Aim of the exercise
Lines below starting with the line with "近日,2020-2021学年" and going on through the line with "Paraguas plegable. 54/8" must be output exactly; the rest of the records must be left out.

Records for processing
╔══

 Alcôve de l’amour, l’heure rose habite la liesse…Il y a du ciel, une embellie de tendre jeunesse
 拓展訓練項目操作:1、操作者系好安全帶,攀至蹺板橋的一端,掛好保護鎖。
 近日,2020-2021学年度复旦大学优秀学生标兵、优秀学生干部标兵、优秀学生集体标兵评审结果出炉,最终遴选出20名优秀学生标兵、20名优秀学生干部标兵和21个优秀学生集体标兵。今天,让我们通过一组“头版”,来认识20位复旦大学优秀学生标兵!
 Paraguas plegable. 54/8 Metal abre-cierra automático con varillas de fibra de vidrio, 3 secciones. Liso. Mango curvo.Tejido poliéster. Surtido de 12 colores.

╚══
╔══

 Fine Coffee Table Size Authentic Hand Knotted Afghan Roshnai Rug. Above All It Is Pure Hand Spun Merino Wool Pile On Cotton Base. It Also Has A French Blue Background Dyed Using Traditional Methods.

╚══

Solution
 近日,2020-2021学年度复旦大学优秀学生标兵、优秀学生干部标兵、优秀学生集体标兵评审结果出炉,最终遴选出20名优秀学生标兵、20名优秀学生干部标兵和21个优秀学生集体标兵。今天,让我们通过一组“头版”,来认识20位复旦大学优秀学生标兵!
 Paraguas plegable. 54/8 Metal abre-cierra automático con varillas de fibra de vidrio, 3 secciones. Liso. Mango curvo.Tejido poliéster. Surtido de 12 colores.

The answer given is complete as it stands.